Since the first equation of (2.10) does not explicitly depend on the variables \(x_{1}\) and \(x_{2}\), a translation of the solution in any direction is again a solution of (2.10) on the resulting domain. The idea then is to move the ball completely inside the sectorial domain \(\Omega \) and extend the solution by zero, thus obtaining a subsolution of (1.2).

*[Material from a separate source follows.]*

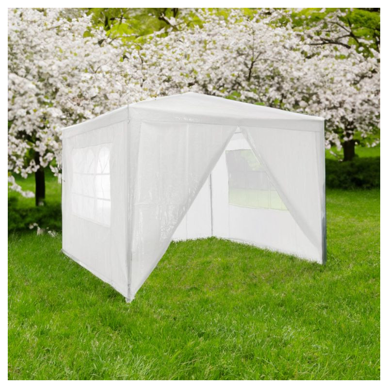 Stan je ideálny na Vašu záhradu, na rôzne oslavy a slávnosti. Ochráni Vás pred slnečným žiarením, ľahkým dažďom a bude Vaším útočiskom pred večerných chladom. Stan je kompletne uzatvárateľný 4 bočnicami. Jedna bočnica bez okien so zipsom je umiestnená vo vstupnom priestore a ďalšie tri bočnice sú vybavené oknami. Vďaka jednoduchej konštrukcii je montáž hračkou a otázkou pár minút. Stan sa upevňuje stanovými kolíkmi do zeme.
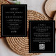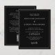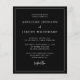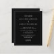 Este simples e minimalista convite de casamento moderno apresenta fontes clássicas de serifa branca num fundo preto, com palavras e frases selecionadas na caligrafia de escrita manual de na moda. Uma linha branca fina fornece um quadro retangular para o texto. No verso, adicione os detalhes do seu casamento e um código QR que os seus convidados podem digitalizar para visitar o seu site de casamento. NOTA: os envelopes não são incluídos automaticamente nestes convites de orçamento, portanto lembre-se de escolher a opção "envelopes brancos"!

By allowing the ball to be displaced in all of \(\Omega \), we are lead to a family of subsolutions whose supremum is \(\underline{u}_{\varepsilon }\); and we obtain \(\Omega _{R}\) as the set of all centers of \(B_{R}\) (see Fig. 1). We now move to the details. Our next lemma deals with the existence of radial solutions on large balls when \(z = z_{1}\) is the first positive root. The only reason to write this result independently is to show that, in this case, the arguments leading to the existence are almost immediate.

Lemma 2.2

Let \(z_{1}>0\) be the first positive root of f. For every \(\varepsilon \in (0,z_{1})\), there exists \(R=R(\varepsilon )>0\) and a classical subsolution \(u_{\varepsilon ,R}\) of (2.10) with \(z=z_{1}\).

Proof

We consider the Dirichlet eigenvalue problem for the Laplace operator on \(B_{R}\):

$$\begin{aligned} \left\{ \begin{aligned}&\Delta \phi _{R} + \lambda _{R}\phi _{R} = 0\,&\text{ in }&\, B_{R},\\&\phi _{R}>0\,&\text{ on }&\, B_{R},\\&\phi _{R} = 0\,&\text{ on }&\, \partial B_{R},\\&\Vert \phi _{R}\Vert _{L^{\infty }(B_{R})} = \phi _{R}(0) = 1. \end{aligned} \right. \end{aligned}$$

The existence and uniqueness of a positive regular eigenfunction of this problem are classical. It is also standard that \(\lambda _{R}\rightarrow 0\) as \(R\rightarrow \infty \). Fix some \(a\in (z_{1}-\varepsilon ,z_1)\). Since \(f>0\) on the interval ]0, a] and satisfies (1.6) then

$$\begin{aligned} k:= \inf _{t\in [0,a]} \frac{f(t)}{t} > 0. \end{aligned}$$

As \(\lambda _{R}\rightarrow 0\) when R increases, we may find \(\lambda _{R}\) small enough so that

$$\begin{aligned} \lambda _{R}\le k. \end{aligned}$$

Direct computations lead

$$\begin{aligned} f(t) \ge \lambda _{R} t\, \text{ for } \text{ all } \, 0\le t\le a. \end{aligned}$$
(2.11)

Setting \(u_{\varepsilon ,R} = a\phi _{R}\), we obtain the required solution.\(\square \)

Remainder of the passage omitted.